Reading the listing that follows, count the lines where "over" appears, and answer with only that count.

((

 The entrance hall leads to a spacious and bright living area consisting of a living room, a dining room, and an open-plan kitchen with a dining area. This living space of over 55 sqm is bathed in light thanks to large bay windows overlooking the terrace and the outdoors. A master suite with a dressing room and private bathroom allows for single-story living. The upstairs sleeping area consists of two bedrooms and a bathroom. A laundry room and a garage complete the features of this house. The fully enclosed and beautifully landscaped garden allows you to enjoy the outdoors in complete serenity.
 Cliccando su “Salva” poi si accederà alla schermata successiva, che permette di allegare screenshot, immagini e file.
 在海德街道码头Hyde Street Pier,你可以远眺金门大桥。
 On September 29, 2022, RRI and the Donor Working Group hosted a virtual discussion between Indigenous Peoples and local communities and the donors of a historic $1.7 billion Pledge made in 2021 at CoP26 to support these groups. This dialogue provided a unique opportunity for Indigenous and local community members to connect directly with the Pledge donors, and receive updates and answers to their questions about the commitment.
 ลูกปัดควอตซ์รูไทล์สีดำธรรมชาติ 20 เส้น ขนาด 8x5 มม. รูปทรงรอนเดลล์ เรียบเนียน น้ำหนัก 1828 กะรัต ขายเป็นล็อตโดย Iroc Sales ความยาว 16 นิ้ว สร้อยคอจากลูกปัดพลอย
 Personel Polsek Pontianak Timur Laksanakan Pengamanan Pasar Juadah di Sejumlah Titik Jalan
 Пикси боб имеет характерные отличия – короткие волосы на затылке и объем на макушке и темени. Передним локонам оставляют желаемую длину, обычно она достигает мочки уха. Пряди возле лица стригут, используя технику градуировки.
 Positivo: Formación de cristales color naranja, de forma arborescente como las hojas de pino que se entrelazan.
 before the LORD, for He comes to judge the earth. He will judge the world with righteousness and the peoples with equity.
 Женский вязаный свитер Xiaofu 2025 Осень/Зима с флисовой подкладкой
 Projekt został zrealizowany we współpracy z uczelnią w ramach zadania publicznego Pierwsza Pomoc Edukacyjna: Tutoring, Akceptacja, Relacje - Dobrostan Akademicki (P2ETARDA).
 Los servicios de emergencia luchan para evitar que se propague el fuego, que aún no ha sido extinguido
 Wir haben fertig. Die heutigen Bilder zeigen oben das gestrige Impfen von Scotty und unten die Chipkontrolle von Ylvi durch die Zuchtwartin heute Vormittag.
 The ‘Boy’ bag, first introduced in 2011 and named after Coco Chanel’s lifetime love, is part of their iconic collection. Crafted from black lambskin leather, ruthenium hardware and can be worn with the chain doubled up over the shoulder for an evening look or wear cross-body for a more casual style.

))
((

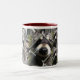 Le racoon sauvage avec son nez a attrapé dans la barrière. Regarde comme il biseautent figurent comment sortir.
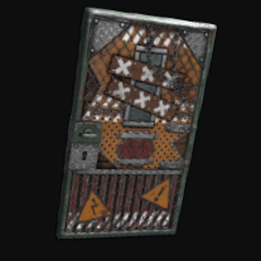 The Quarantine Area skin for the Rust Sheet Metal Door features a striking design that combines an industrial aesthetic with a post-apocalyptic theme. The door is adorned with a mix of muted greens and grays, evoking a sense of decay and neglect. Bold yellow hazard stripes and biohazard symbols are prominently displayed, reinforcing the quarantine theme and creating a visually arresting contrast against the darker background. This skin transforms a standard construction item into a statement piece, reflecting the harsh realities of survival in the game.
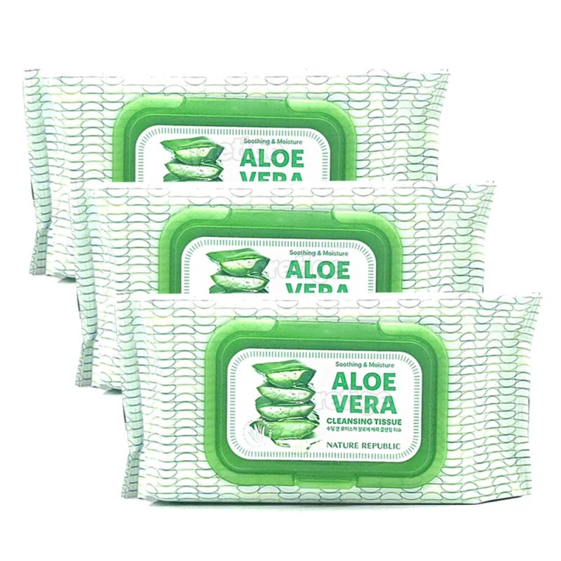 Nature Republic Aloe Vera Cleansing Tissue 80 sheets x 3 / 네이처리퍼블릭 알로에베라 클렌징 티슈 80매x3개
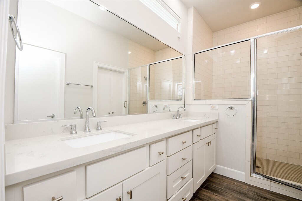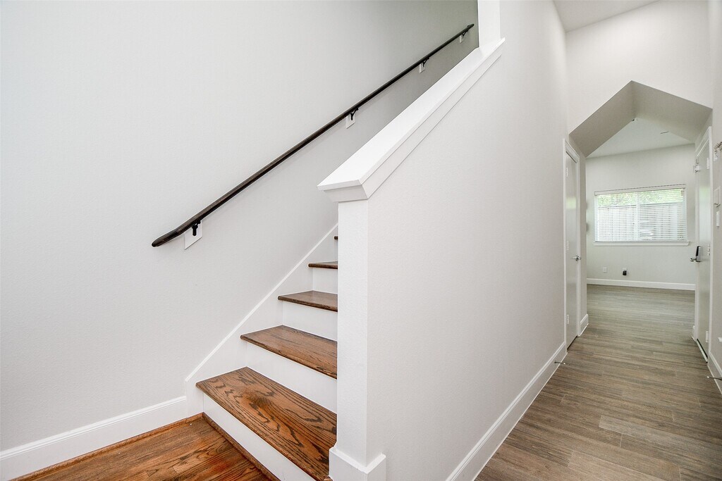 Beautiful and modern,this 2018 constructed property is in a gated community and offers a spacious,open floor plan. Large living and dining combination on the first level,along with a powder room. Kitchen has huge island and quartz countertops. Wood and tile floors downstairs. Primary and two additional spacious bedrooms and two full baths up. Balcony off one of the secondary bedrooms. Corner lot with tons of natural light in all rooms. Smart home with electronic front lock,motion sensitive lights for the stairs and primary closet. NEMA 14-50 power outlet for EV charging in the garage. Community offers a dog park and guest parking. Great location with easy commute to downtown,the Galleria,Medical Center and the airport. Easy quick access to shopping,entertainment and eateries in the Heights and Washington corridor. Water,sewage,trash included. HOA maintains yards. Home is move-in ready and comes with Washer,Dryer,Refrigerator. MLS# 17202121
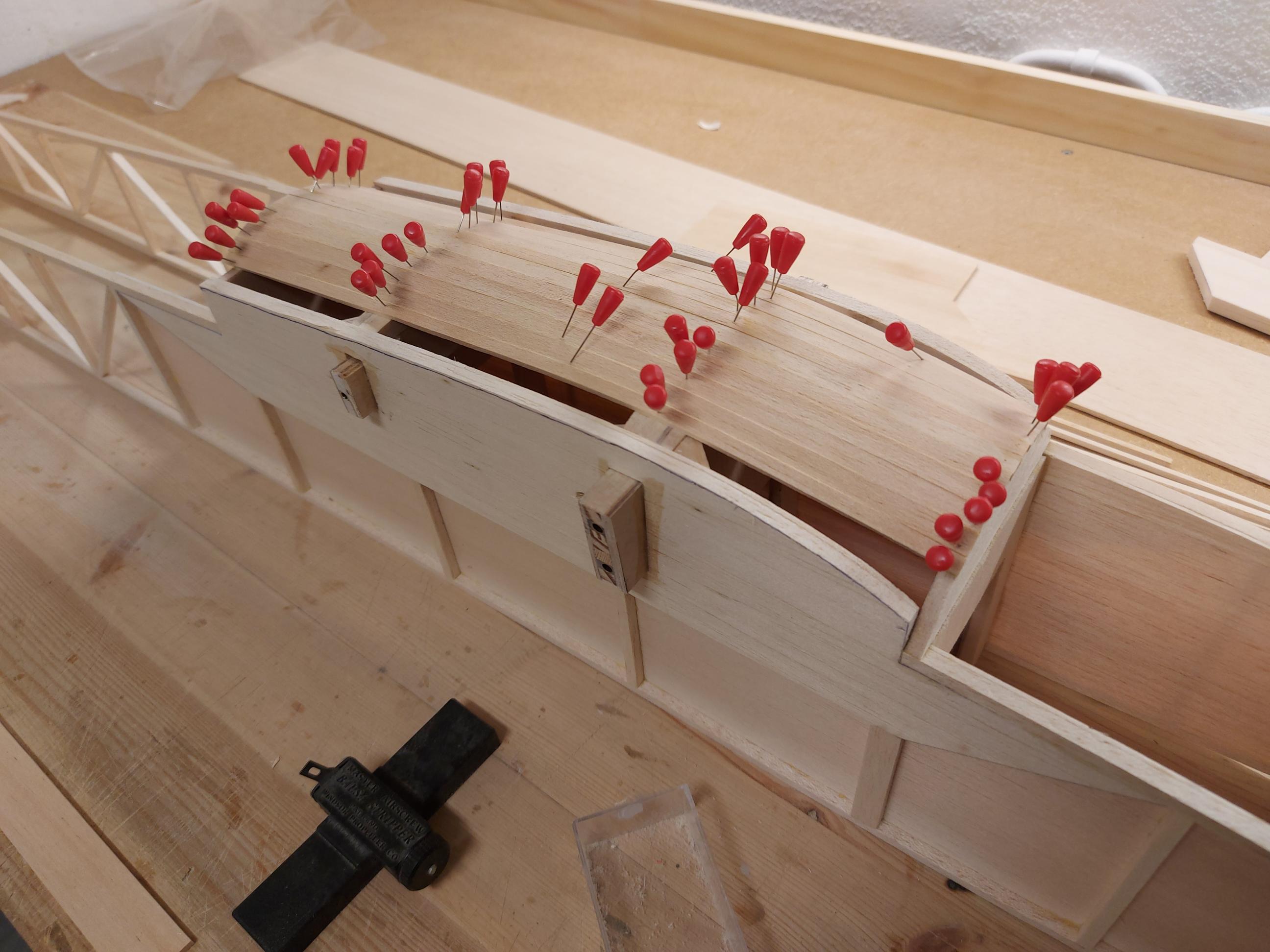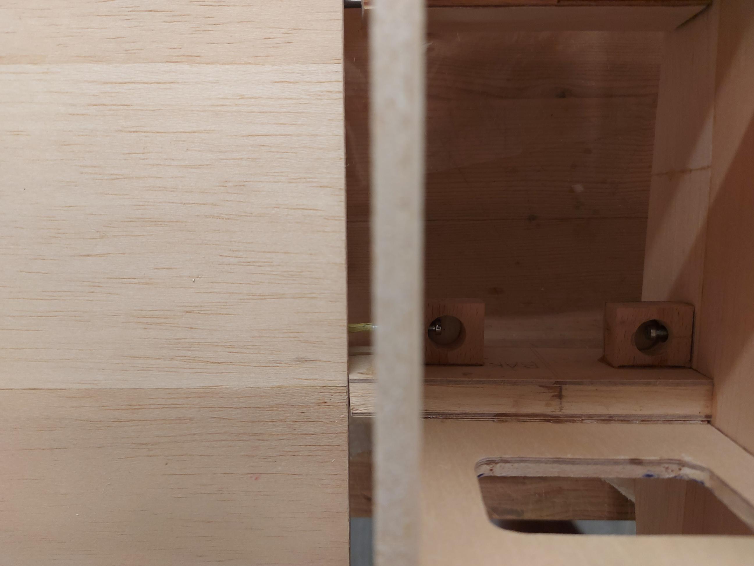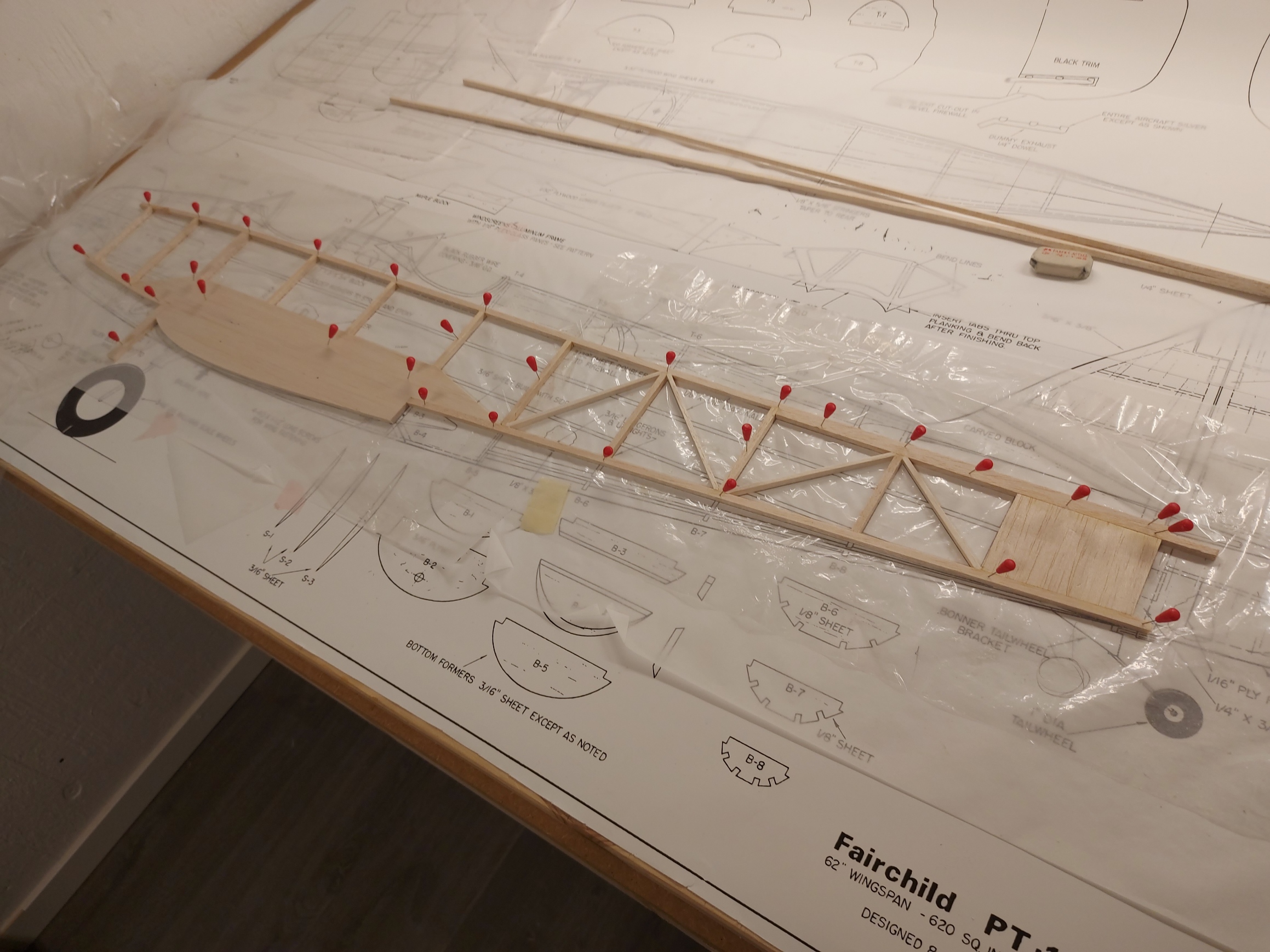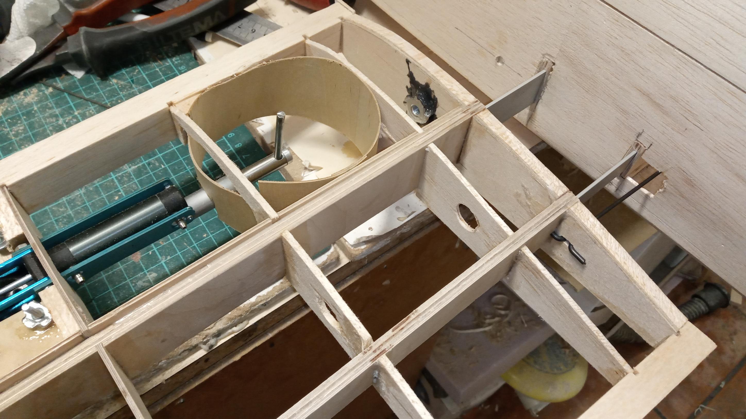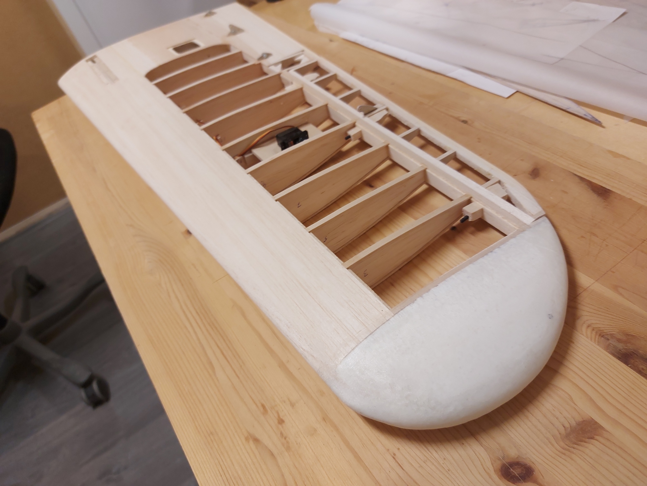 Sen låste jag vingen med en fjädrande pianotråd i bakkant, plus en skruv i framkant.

))
((

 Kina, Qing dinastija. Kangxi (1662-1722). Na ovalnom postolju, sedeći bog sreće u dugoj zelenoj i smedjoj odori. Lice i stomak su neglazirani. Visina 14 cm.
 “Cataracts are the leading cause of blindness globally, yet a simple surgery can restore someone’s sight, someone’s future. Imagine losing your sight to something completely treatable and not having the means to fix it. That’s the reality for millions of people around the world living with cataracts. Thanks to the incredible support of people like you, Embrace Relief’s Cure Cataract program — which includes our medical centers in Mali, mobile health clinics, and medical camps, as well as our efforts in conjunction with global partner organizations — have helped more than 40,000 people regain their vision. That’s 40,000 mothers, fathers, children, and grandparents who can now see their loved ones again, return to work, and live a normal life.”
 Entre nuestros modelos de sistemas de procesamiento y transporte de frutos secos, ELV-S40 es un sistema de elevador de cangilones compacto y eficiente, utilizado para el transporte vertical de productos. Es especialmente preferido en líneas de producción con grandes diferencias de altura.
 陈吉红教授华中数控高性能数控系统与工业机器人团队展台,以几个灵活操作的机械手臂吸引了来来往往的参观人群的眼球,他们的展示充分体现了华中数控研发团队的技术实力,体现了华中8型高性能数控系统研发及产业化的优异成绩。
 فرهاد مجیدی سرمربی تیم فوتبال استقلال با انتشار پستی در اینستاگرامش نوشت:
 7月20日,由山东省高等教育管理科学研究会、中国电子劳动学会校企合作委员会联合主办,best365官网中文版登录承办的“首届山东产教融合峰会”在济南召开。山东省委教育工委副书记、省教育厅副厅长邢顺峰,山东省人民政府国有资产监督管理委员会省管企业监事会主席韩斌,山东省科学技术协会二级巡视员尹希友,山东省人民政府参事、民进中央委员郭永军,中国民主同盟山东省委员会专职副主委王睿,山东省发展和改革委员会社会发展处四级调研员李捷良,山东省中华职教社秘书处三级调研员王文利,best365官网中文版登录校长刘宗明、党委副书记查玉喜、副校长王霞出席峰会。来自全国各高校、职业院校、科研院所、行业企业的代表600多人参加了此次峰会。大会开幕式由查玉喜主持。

))

- **SOLVED PROBLEM**
2